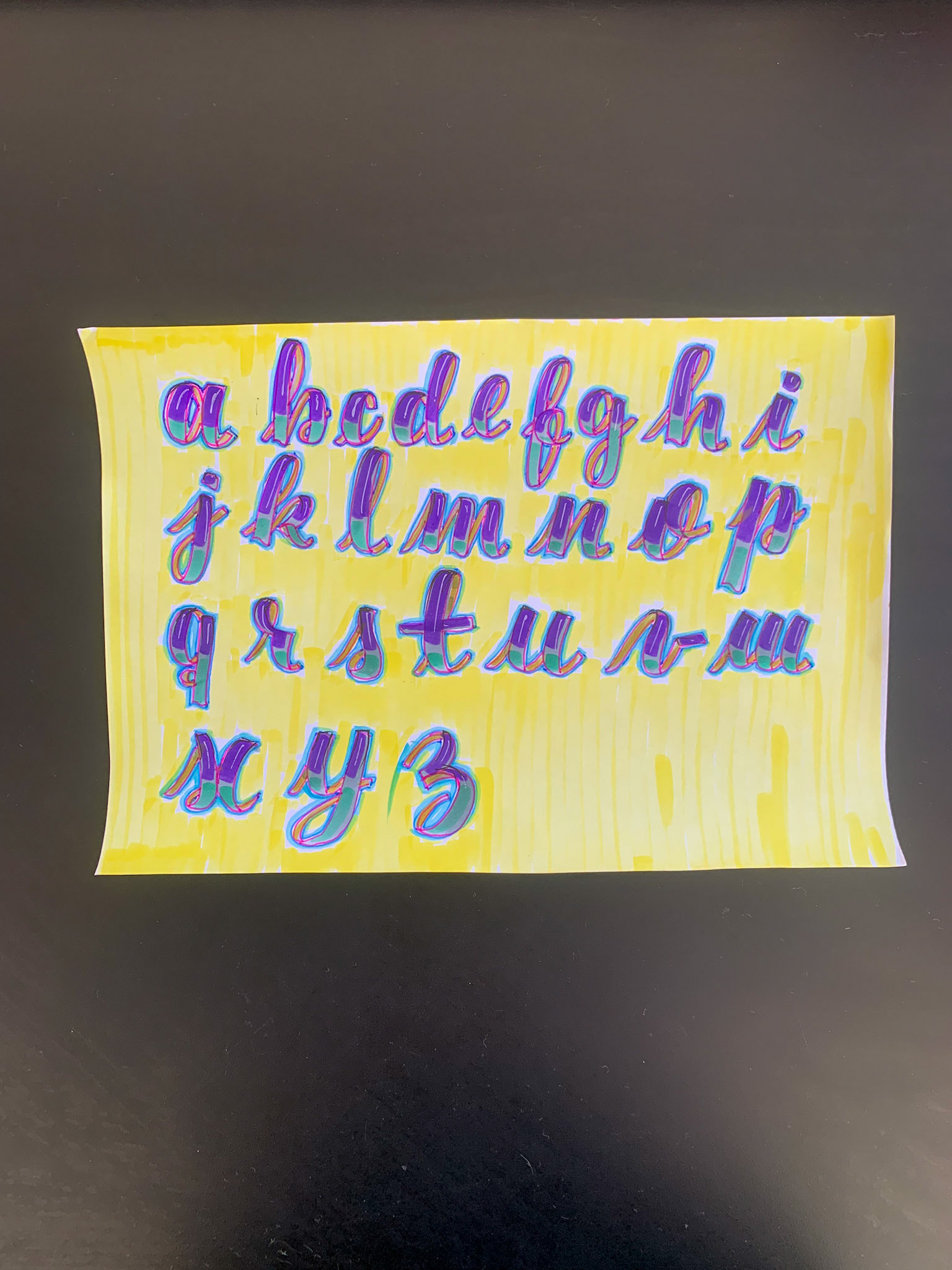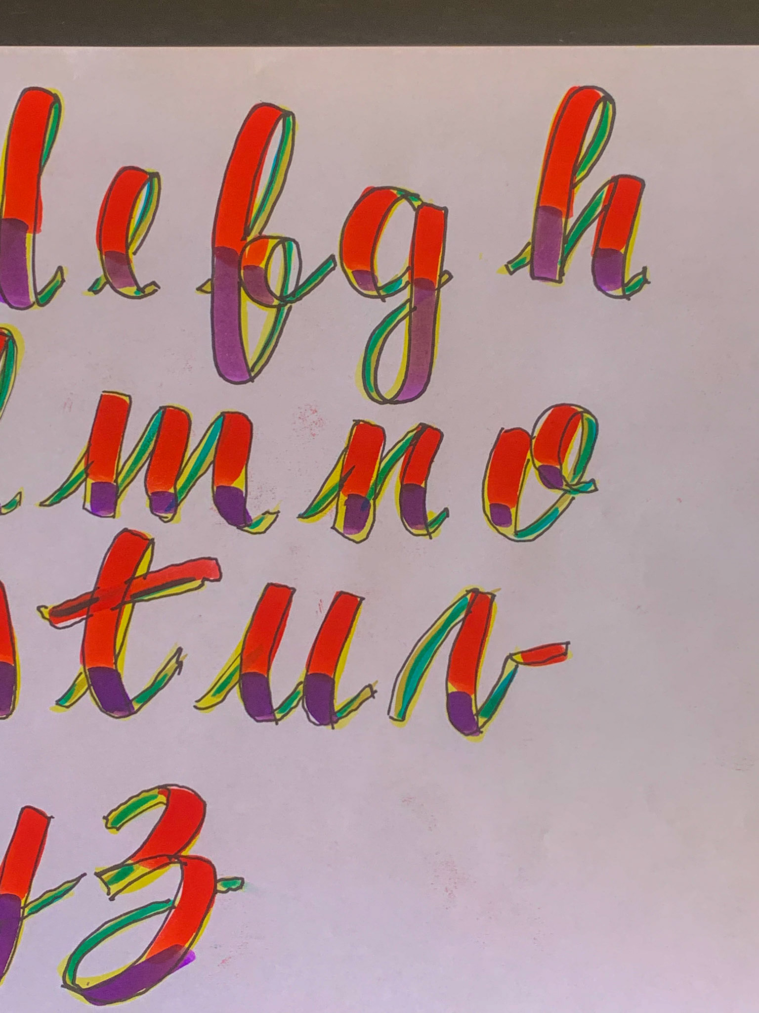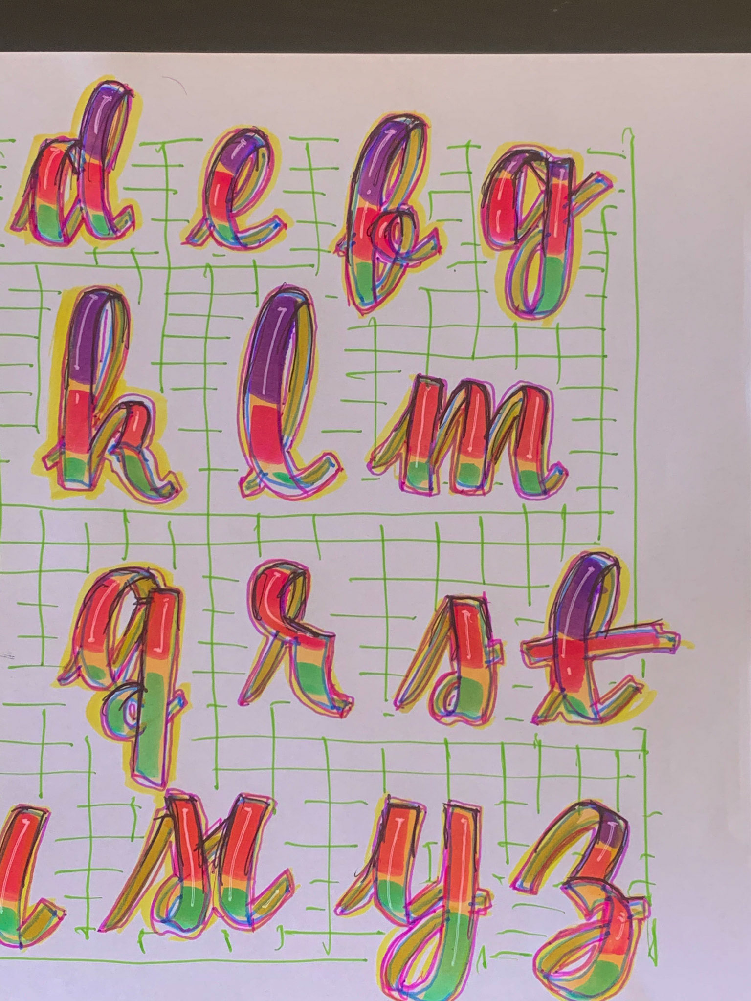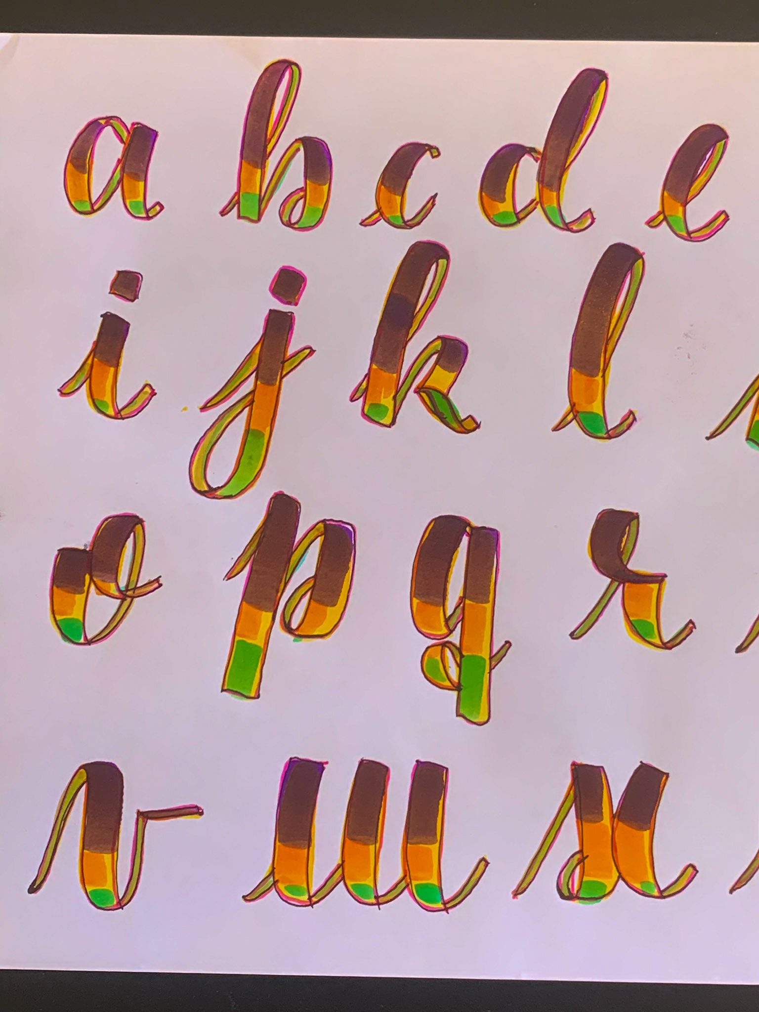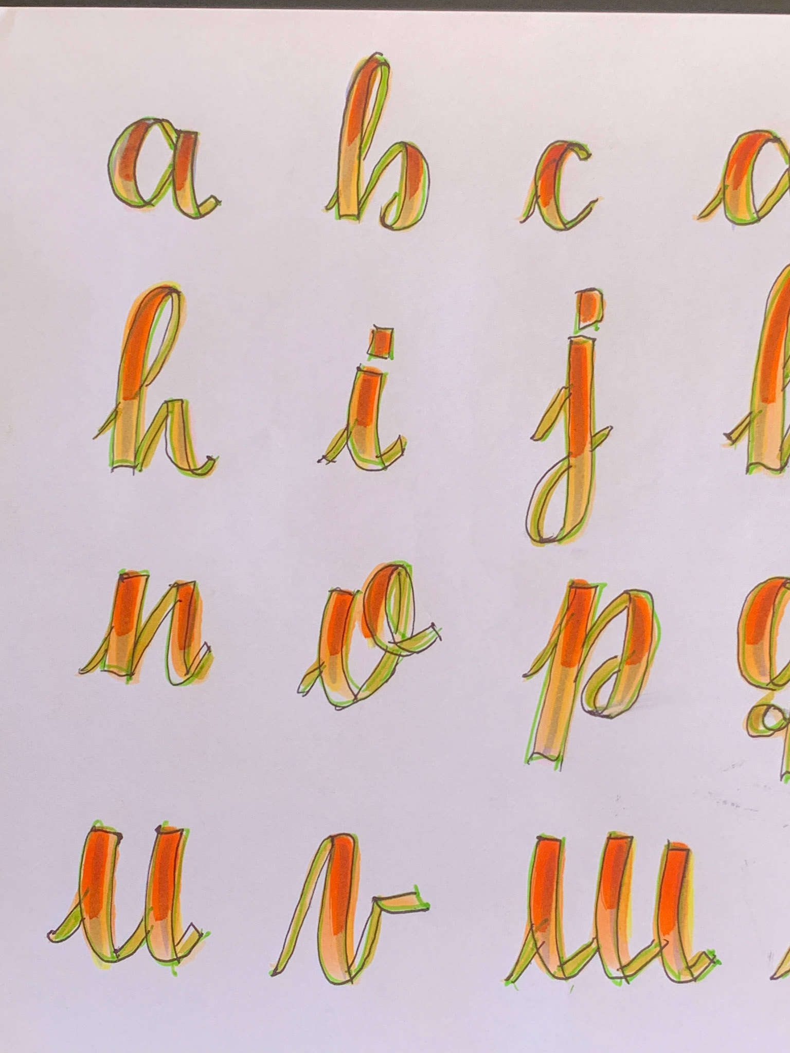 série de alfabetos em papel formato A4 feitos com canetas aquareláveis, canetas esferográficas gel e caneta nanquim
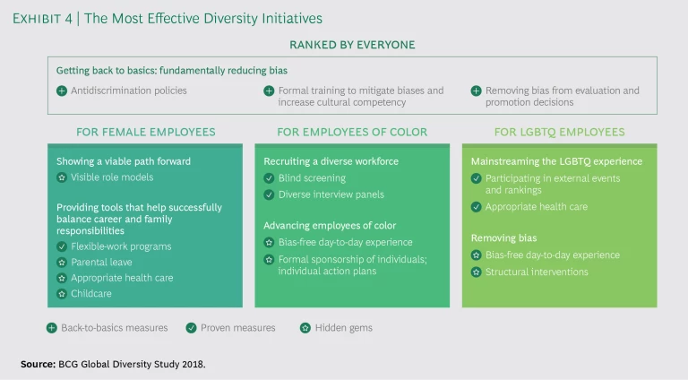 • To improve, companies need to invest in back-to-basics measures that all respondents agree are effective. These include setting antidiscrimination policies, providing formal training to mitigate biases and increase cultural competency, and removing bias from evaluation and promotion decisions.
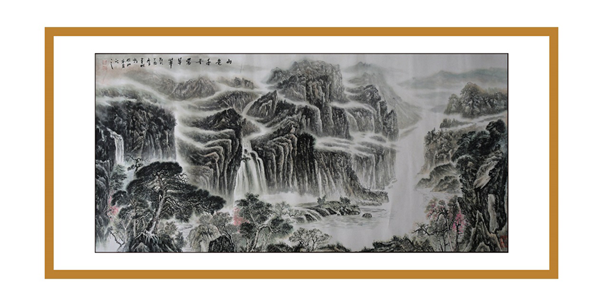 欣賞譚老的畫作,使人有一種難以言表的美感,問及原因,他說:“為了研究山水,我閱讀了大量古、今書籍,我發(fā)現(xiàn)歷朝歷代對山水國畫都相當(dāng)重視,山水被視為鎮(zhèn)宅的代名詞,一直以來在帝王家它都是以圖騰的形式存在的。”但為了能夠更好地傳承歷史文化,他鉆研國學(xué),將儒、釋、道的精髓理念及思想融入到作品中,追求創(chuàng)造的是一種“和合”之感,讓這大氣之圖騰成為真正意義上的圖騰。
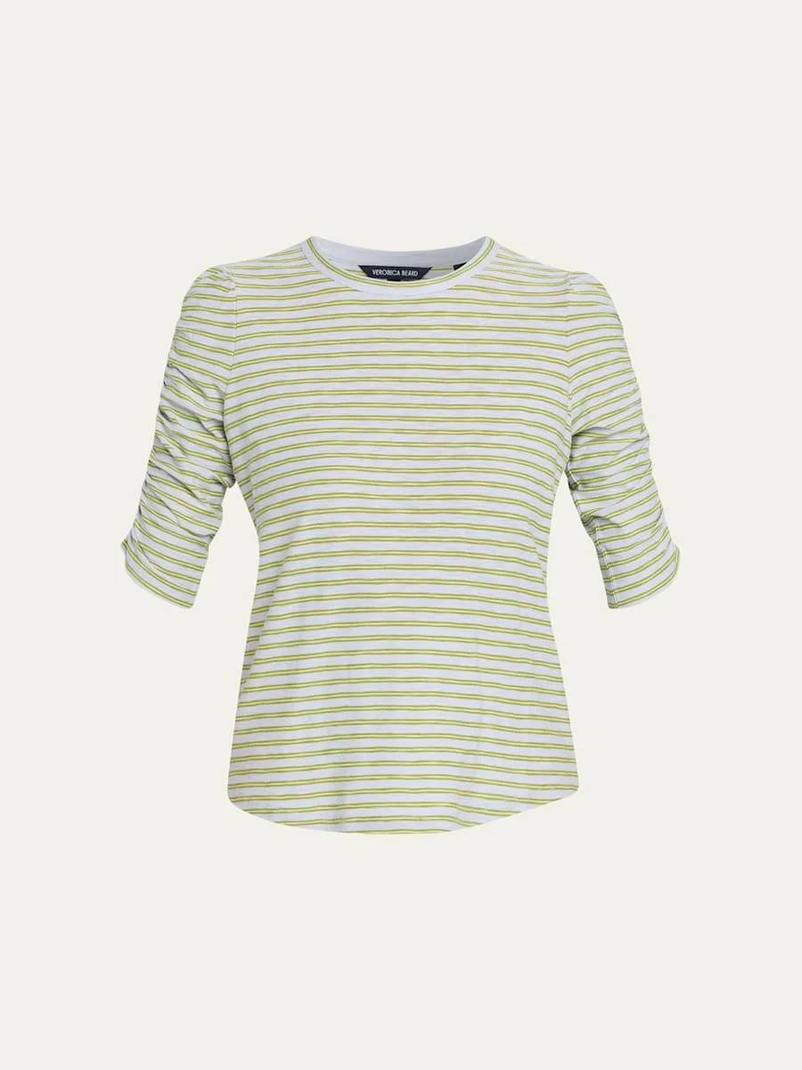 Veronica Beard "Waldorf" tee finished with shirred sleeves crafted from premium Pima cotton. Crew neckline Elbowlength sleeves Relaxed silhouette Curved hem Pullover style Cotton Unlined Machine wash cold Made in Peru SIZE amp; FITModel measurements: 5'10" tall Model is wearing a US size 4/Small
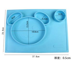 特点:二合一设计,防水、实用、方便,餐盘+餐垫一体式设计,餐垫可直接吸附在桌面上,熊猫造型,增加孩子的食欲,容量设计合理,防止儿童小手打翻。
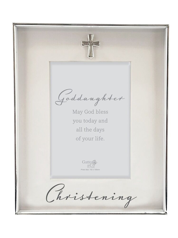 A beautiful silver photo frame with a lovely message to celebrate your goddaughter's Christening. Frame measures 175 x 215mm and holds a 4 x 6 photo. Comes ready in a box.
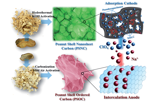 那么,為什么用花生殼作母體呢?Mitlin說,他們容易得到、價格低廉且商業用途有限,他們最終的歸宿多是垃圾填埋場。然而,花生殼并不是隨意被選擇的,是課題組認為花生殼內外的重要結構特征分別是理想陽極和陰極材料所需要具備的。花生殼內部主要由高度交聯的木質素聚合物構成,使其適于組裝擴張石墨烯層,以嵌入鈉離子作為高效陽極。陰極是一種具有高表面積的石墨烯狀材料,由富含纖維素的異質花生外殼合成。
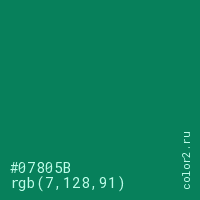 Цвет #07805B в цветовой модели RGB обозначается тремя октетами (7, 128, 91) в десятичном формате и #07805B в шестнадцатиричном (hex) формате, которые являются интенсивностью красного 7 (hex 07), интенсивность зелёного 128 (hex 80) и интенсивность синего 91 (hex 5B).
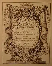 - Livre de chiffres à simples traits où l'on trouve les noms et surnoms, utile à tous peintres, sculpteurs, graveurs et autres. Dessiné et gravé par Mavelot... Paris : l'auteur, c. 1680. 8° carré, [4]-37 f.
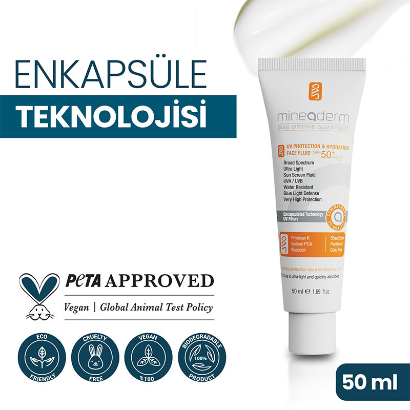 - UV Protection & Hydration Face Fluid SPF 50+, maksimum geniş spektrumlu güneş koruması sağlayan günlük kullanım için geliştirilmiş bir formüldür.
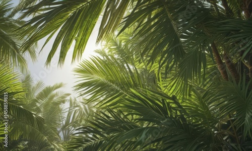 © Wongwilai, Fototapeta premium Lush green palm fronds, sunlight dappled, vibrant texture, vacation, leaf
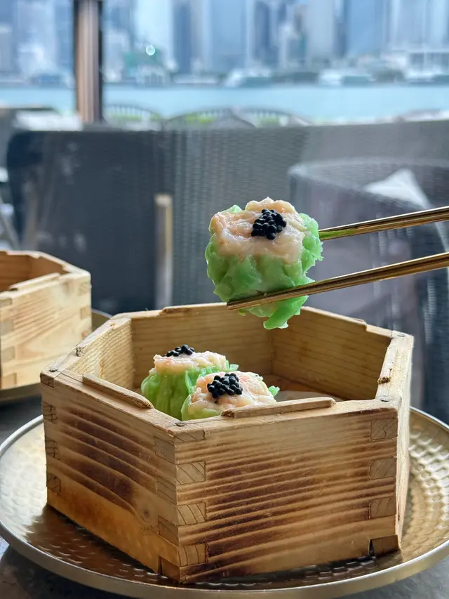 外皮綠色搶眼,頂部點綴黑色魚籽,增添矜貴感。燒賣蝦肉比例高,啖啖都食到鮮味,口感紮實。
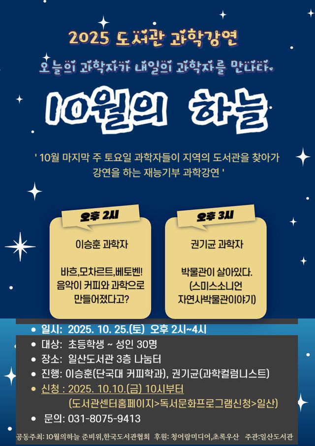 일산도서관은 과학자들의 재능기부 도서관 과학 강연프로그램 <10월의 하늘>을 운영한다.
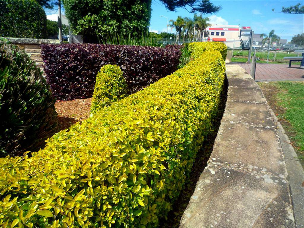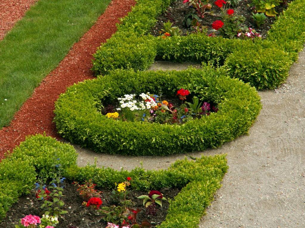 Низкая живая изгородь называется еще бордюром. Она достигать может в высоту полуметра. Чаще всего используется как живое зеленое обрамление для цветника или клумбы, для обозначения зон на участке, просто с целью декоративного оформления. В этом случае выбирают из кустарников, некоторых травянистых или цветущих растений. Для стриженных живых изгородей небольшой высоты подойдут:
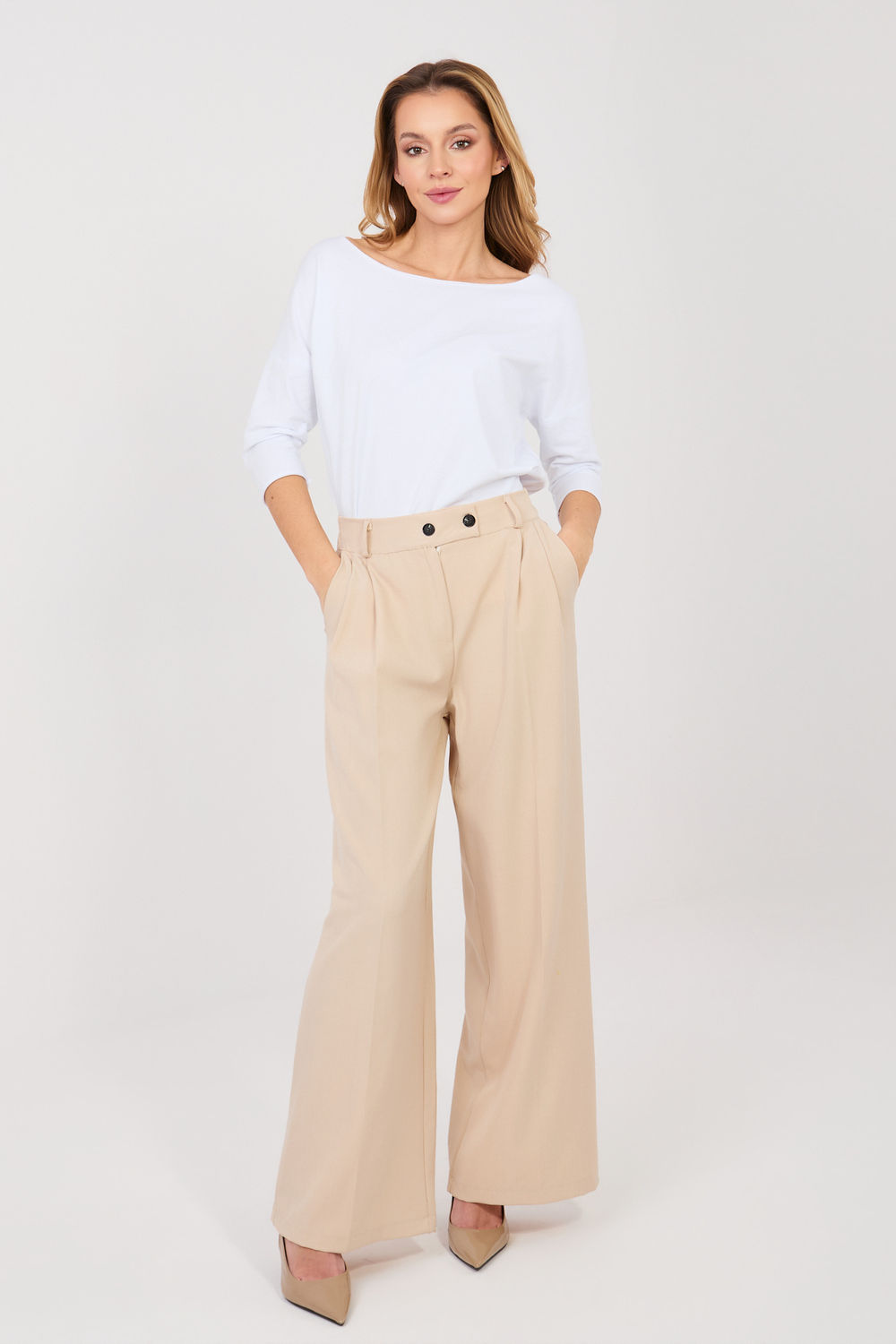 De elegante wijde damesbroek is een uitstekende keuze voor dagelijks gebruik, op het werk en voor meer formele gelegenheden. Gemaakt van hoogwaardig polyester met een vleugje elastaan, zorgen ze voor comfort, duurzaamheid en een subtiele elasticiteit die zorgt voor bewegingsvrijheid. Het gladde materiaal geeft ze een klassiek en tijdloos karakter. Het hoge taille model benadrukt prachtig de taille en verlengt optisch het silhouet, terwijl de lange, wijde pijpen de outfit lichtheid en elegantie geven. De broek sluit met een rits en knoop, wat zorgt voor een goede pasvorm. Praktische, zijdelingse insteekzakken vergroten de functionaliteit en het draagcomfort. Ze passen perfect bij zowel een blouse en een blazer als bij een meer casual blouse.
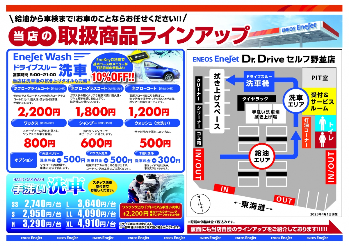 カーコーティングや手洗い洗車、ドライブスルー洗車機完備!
════
_TASK TO COMPLETE_
Transcribe exactly and only the lines from the top of the records through the line containing "欣賞譚老的畫作,使人有一種難", inclusive, and do not copy the pictures.

_ANSWER SPACE_
 série de alfabetos em papel formato A4 feitos com canetas aquareláveis, canetas esferográficas gel e caneta nanquim
 • To improve, companies need to invest in back-to-basics measures that all respondents agree are effective. These include setting antidiscrimination policies, providing formal training to mitigate biases and increase cultural competency, and removing bias from evaluation and promotion decisions.
 欣賞譚老的畫作,使人有一種難以言表的美感,問及原因,他說:“為了研究山水,我閱讀了大量古、今書籍,我發(fā)現(xiàn)歷朝歷代對山水國畫都相當(dāng)重視,山水被視為鎮(zhèn)宅的代名詞,一直以來在帝王家它都是以圖騰的形式存在的。”但為了能夠更好地傳承歷史文化,他鉆研國學(xué),將儒、釋、道的精髓理念及思想融入到作品中,追求創(chuàng)造的是一種“和合”之感,讓這大氣之圖騰成為真正意義上的圖騰。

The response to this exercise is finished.